Position-2 substitutions and metabolic stability

The position-2 residue is the design variable. GHRP-6 carries D-tryptophan; GHRP-2 substitutes D-2-naphthylalanine (D-2-Nal); and Hexarelin substitutes 2-methyl-tryptophan, a modification introduced specifically to improve metabolic stability. Deghenghi and colleagues introduced Hexarelin precisely as this 2-methyl-Trp analog and characterized its GH-releasing activity in infant and adult rats.[8] These structural distinctions are the molecular basis for the potency and stability differences detailed in the per-compound sections that follow; the formula and mass values here are catalog and PubChem references and should be confirmed against the lot-specific certificate of analysis before use.

GHRP-6 Research Profile: The Ghrelin-Like Appetite Signal

As the parent compound, GHRP-6 is the reference point for the family, and its most distinctive research signature is not its GH release but its appetite effect. Of the three peptides, GHRP-6 is the one most consistently associated in the literature with pronounced ghrelin-like food-intake stimulation.

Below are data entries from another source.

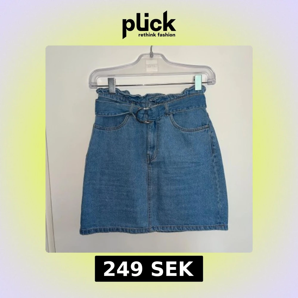 En somrig blå denimkjol från Divided By H&M med hög midja och tillhörande bälte med metallspänne. Kjolen har två framfickor och två bakfickor! Perfekt för sommaren! 🩵
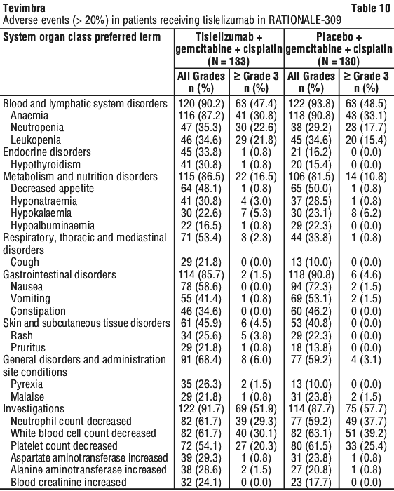 A total of 263 patients were randomised (1:1) to receive either Tevimbra 200 mg in combination with gemcitabine and cisplatin (N = 131) or placebo in combination with gemcitabine and cisplatin (N = 132).
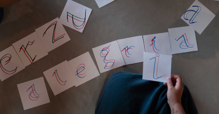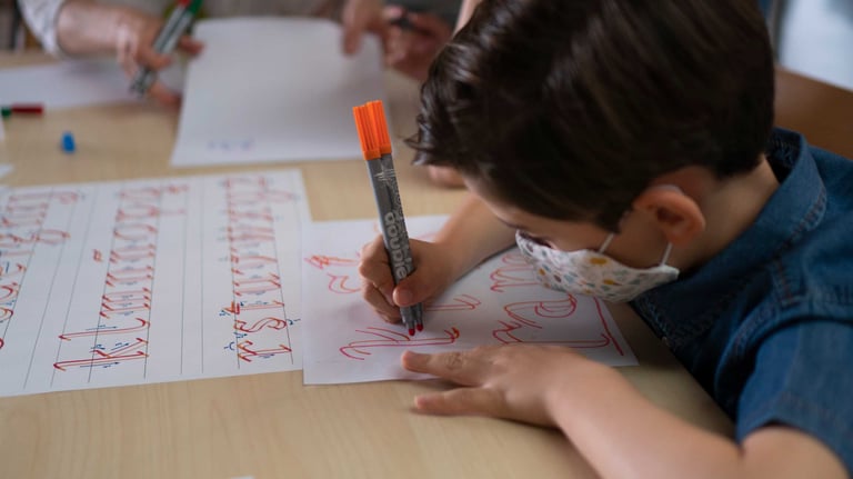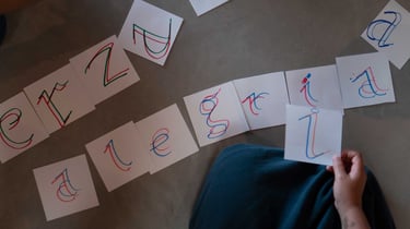 En una segunda fase, para plasmar lo que habían aprendido, se les proponía trazar las letras en unos folios cortados en cuadrados donde escribirian cada uno su palabra para la paz. Cada letra se escribía en un cuadrado.
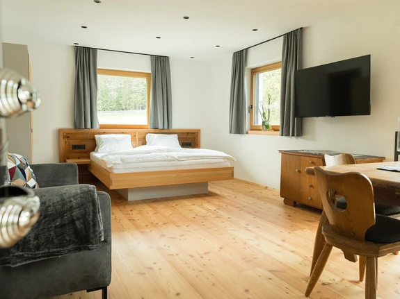Das Wohn/Schlafzimmer für 2 Personen ist ausgestattet mit einem Doppelbett und einem hochwertigen Schlafsofa für 2 weitere Personen sowie Flat–TV.
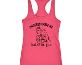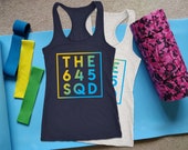 A specialist with printing our Tank Tops, Crop Tops, Cropped Hoodies and other unique garments like the New Era Hooded Racerback Tank.
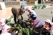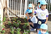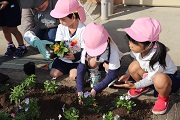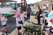 深谷市の花はなプラン事業の一環として、園庭の花壇の花を植え替えました。植え替えには、PTAの環境部の役員の皆さんと前年度の役員の皆さんが手伝ってくれました。園庭の花壇もパンジーなどの冬の花に植えけられました。
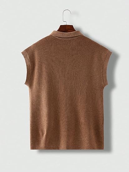 Design: Button front, collar, polo neck, sleeveless, rib knit, solid color, regular fit, casual style.
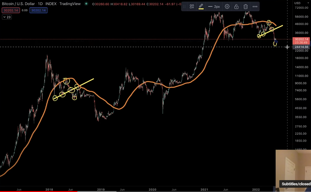 “Puedes ver en 2018, tuvimos un mínimo, tuvimos un mínimo más alto, [and] tuvimos este [which is] un patético intento de un mínimo más alto. [We] en última instancia, coloque un mínimo más bajo y vuelva a subir a la línea de tendencia. Además, fue un rechazo de la media móvil simple de 200 días. [SMA] entre.»
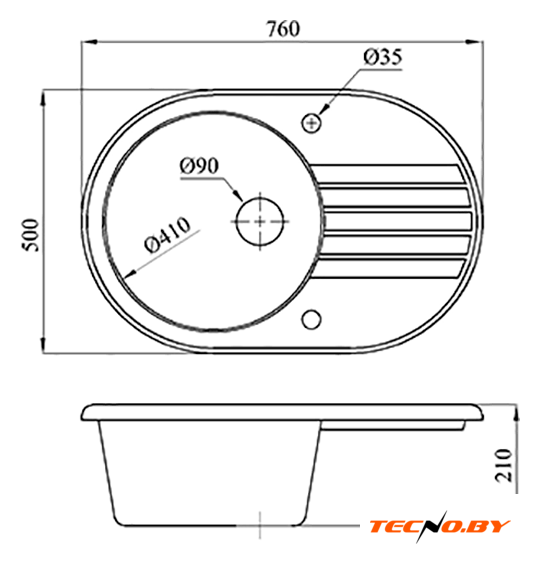 врезная на столешницу, искусственный камень, размеры: 50x61 см, глубина чаши: 19.5 см, в шкаф шириной от 50 см

Activation of hypothalamic appetite centers

Lawrence and colleagues reported that acute central administration of ghrelin and GH secretagogues, including GHRP-6, induces feeding and activates brain appetite centers in rodent models.[9] The activation of hypothalamic feeding circuitry is the mechanistic correlate of GHRP-6’s orexigenic reputation and mirrors the action of the natural ligand ghrelin. This is a preclinical, animal-model finding and is not a claim about appetite effects in humans.

GH release and synergy with GHRH

On the growth-hormone side, GHRP-6 is the compound in which the GHRP–GHRH synergy was first demonstrated in humans, releasing GH and amplifying the GHRH response.[7] Like the other classic GHRPs, GHRP-6 is not purely GH-selective: human research on GHRP-6 documents stimulation of prolactin and cortisol alongside the GH response,[7] and additional ACTH stimulation is inferred at the family level from comparative GHRP-2/Hexarelin research.[10] That cross-axis activity, examined in detail later, is a defining property of the classic GHRPs and a key contrast with selective secretagogues.

GHRP-2 (Pralmorelin) Research Profile: GH-Secretion Diagnostic Agent

GHRP-2, assigned the generic name pralmorelin and the development codes KP-102 and GPA-748, occupies a distinct niche within the family: it is the GHRP most developed as a research and clinical-research diagnostic tool for pituitary GH secretion. A drug-profile monograph on pralmorelin documents this development trajectory and the compound’s several alternative designations.[11]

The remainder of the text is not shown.